Extract each line of the material that follows exactly and omit its pictures.

- RECORDED DATA -
====
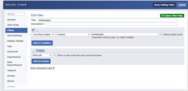 Om politieke content (of welke andere content dan ook) op Facebook te kunnen verbergen, heb je de add-on social fixer nodig. Surf naar de pagina van deze add-on in de Google Chrome Store en klik op Toevoegen aan Chrome. Je hoeft de browser niet opnieuw te starten, de add-on is direct geïnstalleerd. Wanneer je nu rechtsboven klikt op het pictogram voor Social Fixer, kun je de instellingen aanpassen. In het tabblad Filterklik je op Add a Filter. Vervolgens voeg je de voorwaarden toe. Stel dat je niets wilt zien over verkiezingen, dan vul je het trefwoord verkiezingen in naast Any Post Content Contains. Onder het kopje Then vul je vervolgens in dat de post verborgen moet worden. Je kunt hier uiteraard alle trefwoorden invullen die je kunt bedenken, maar pas op dat je niet te breed invult en straks dingen mist die je niet wilt zien.
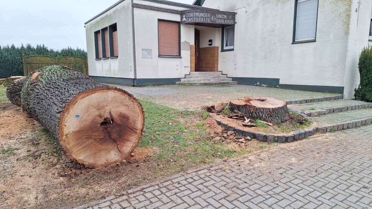 BURLO | bd | In den vergangenen Tagen wurden vom Ordnungsamt der Stadt Borken zwei alte und mächtige Eichen gefällt, die seit Jahrzehnten unmittelbar vor der ehemaligen Gaststätte Dahlhaus an der Pater-Arnold-Straße standen. Grund für die Fällung ist der Wurzelbefall durch einen holzzerstörenden Pilz, wie der Verlautbarung der Ordnungsbehörde zu entnehmen ist.
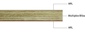 - Dekorativní povrch a jádro materiálu se skládá z vrstev papíru prosyceného duroplastovými pryskyřicemi. Ty zcela vytvrdnou během výrobního procesu žárem a vysokým tlakem. Vytvoří stabilní, rezistentní a nereaktivní materiál.
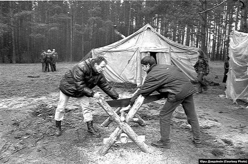 На фота №50 зафіксаваны, так бы мовіць, рабочы працэс штодзённага існаваньня на дзяжурстве маладзёвых змагароў з аўтастрадай. Усе здымкі – унёсак у гісторыю Народнага Мэмарыяла Курапаты.
====
- REPLY TO THE TASK -
 Om politieke content (of welke andere content dan ook) op Facebook te kunnen verbergen, heb je de add-on social fixer nodig. Surf naar de pagina van deze add-on in de Google Chrome Store en klik op Toevoegen aan Chrome. Je hoeft de browser niet opnieuw te starten, de add-on is direct geïnstalleerd. Wanneer je nu rechtsboven klikt op het pictogram voor Social Fixer, kun je de instellingen aanpassen. In het tabblad Filterklik je op Add a Filter. Vervolgens voeg je de voorwaarden toe. Stel dat je niets wilt zien over verkiezingen, dan vul je het trefwoord verkiezingen in naast Any Post Content Contains. Onder het kopje Then vul je vervolgens in dat de post verborgen moet worden. Je kunt hier uiteraard alle trefwoorden invullen die je kunt bedenken, maar pas op dat je niet te breed invult en straks dingen mist die je niet wilt zien.
 BURLO | bd | In den vergangenen Tagen wurden vom Ordnungsamt der Stadt Borken zwei alte und mächtige Eichen gefällt, die seit Jahrzehnten unmittelbar vor der ehemaligen Gaststätte Dahlhaus an der Pater-Arnold-Straße standen. Grund für die Fällung ist der Wurzelbefall durch einen holzzerstörenden Pilz, wie der Verlautbarung der Ordnungsbehörde zu entnehmen ist.
 - Dekorativní povrch a jádro materiálu se skládá z vrstev papíru prosyceného duroplastovými pryskyřicemi. Ty zcela vytvrdnou během výrobního procesu žárem a vysokým tlakem. Vytvoří stabilní, rezistentní a nereaktivní materiál.
 На фота №50 зафіксаваны, так бы мовіць, рабочы працэс штодзённага існаваньня на дзяжурстве маладзёвых змагароў з аўтастрадай. Усе здымкі – унёсак у гісторыю Народнага Мэмарыяла Курапаты.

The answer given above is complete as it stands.